The agent reviewing a real PR on this repo — `gpt-4o-mini`, **15 findings, run
cost $0.0089**, posted by `github-actions[bot]` on PR open:

![Bot review comment on a GitHub PR with 15 findings across security, quality, tests, and performance](docs/img/sample-review-1.png)

![Run cost footer: 15 findings, run cost $0.0089](docs/img/sample-review-2.png)

Live demo PR: [`#1` (deliberately bad, do not merge)](https://github.com/sukhrobnurali/pr-review-agent/pull/1).
Raw Markdown of an earlier fixture run is at [`scripts/dev/last_review.md`](scripts/dev/last_review.md)
if you want to see exactly what the composer emits.

Specialist scoping is enforced in the prompts — security flags injection,
quality flags nesting, tests flags missing coverage; none of them step on each
other. The comment updates idempotently via the ``
HTML marker, so re-runs on the same PR overwrite instead of duplicating.

## Why another PR reviewer

| | |
|---|---|
| **CodeRabbit / Greptile / Bito / Qodo** | Closed SaaS. Code leaves your network. Most enterprises can't ship to a third party. |
| **Generic "GPT review" Actions** | Single-prompt, one specialist's worth of attention spread across every concern. Output reads as filler. |
| **GitHub Copilot review** | Microsoft-hosted, opinionated, can't be steered. |
| **Claude Code / Cursor** | Interactive, editor-side. Don't run unattended on PRs. |
| **`pr-review-agent`** | Open-source, self-hosted, multi-agent, model-agnostic.

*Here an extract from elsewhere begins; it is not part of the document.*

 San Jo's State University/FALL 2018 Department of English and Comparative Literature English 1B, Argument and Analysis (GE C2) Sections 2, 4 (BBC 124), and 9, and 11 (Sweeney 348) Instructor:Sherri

Works with local models for air-gapped use. |

The architecture is the differentiator. Four specialists in parallel produce far better signal than one prompt asked to do everything — and the prompts are flat Markdown files you can iterate on without touching code.

## Cost & latency

Per-review cost depends on the diff size and which models the supervisor selects. The hard ceiling is enforced in CI: a 500-line synthetic PR fanned out across all four specialists must come in under **$0.50** and **90 seconds**, parametrized over OpenAI / Anthropic / Ollama — see [`tests/integration/test_cost_under_cap.py`](tests/integration/test_cost_under_cap.py).

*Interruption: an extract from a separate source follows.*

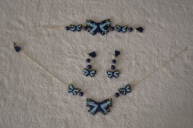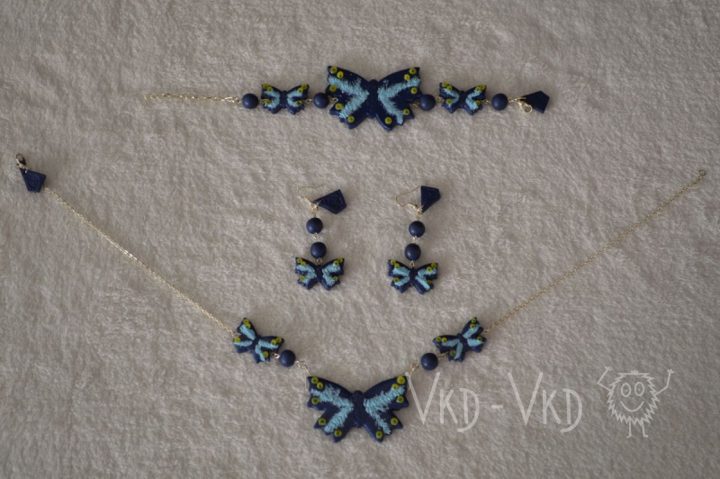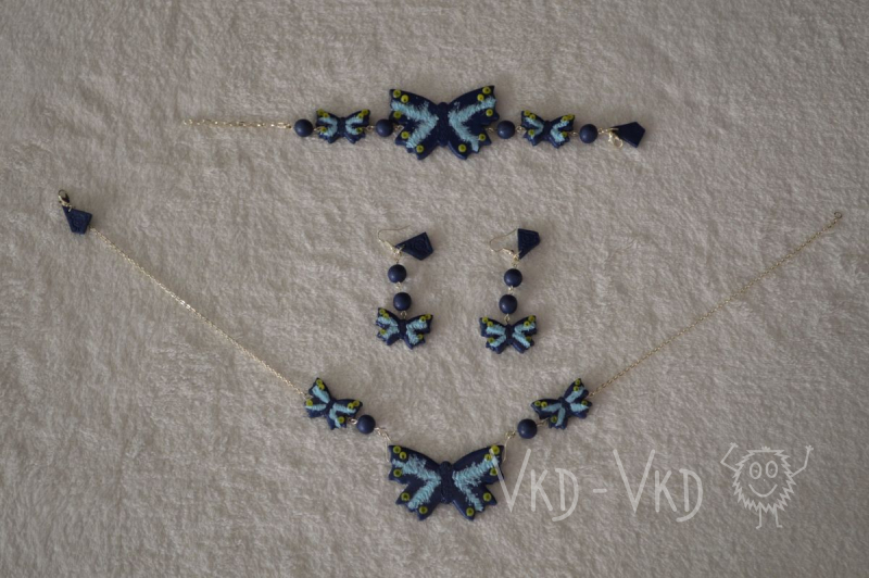 ALL HANDMADE Chcete působit tajemně? Sada šperků - modří motýlci. Tmavomodrý materiál ozdoben jemnými třpytkami. Sada se skládá z náramku, řetízku a naušnic. Nastavitelná velikost. Přestože se snažíme vyhovět našim zákaznicím co nejdříve, doba dodání může být až 4 týdny. S ohledem na to, že každá sada je vždy vyráběna pro každou jednotlivou objednavatelku a proces výroby zahrnuje několik po sobě následujících dní!!!smiley

In practice the cost is dominated by input tokens (the diff itself), so a small PR on `gpt-4o-mini` is typically a fraction of a cent. The composer renders the actual cost in the comment footer of every review, so the number is never hidden.

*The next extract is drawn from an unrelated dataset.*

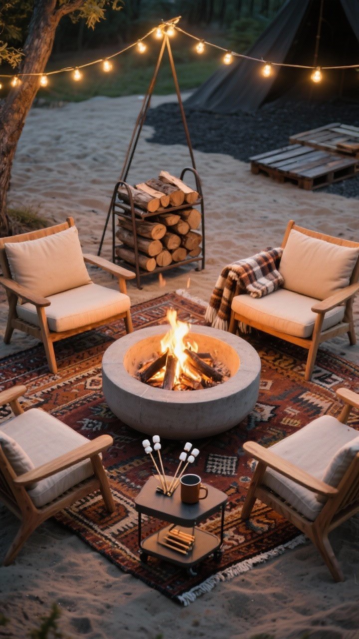Place le feu au centre. Opte pour un brasero rond en béton, entouré de quatre fauteuils bas en acacia aux coussins sable. Un tapis extérieur façon kilim réchauffe visuellement, et des bûches rangées dans un casier métal ajoutent la touche authentique.

Wall-clock latency is bounded by the slowest single specialist call rather than the sum, because the four agents fan out in parallel — see [architecture.md → graph](docs/architecture.md#graph) and [`tests/integration/test_parallel_fanout.py`](tests/integration/test_parallel_fanout.py).

## Configuration

Drop a `.pr-review.yml` at your repo root:

```yaml
provider: openai
model: gpt-4o-mini

agents:
enabled: [quality, tests, performance, security]
models:
security: gpt-4o # use a smarter model where false positives hurt most

severity_threshold: medium
include_paths: ["**/*"]
exclude_paths: ["vendor/**", "**/*.generated.*"]
```

Full schema: [`docs/configuration.md`](docs/configuration.md).

## Documentation

| | |
|---|---|
| [`docs/architecture.md`](docs/architecture.md) | how the graph, supervisor, agents, cache, and reporter fit together |
| [`docs/agents.md`](docs/agents.md) | per-specialist scope, severity calibration, supervisor selection rules |
| [`docs/configuration.md`](docs/configuration.md) | full `.pr-review.yml` reference, provider switching, path filters |
| [`docs/prompts.md`](docs/prompts.md) | prompt format, output schema, iteration recipe |
| [`docs/benchmarks.md`](docs/benchmarks.md) | eval methodology and v0.1.0 baseline numbers |
| [`docs/landscape.md`](docs/landscape.md) | competitor survey and where this project fits |

## Hacking

```bash
git clone https://github.com/sukhrobnurali/pr-review-agent
cd pr-review-agent
uv sync --extra dev

uv run pytest # full suite (incl. eval benchmark)
uv run pytest -m "not eval" # fast loop
uv run pytest -m eval -s # benchmark with per-fixture report
uv run ruff check
uv run mypy src/
```

Adding a new specialist takes ~6 lines of Python plus a prompt — see [`docs/agents.md` → Adding a specialist](docs/agents.md#adding-a-specialist).

## License

[Apache 2.0](LICENSE). Patent grant matters for code-touching tools.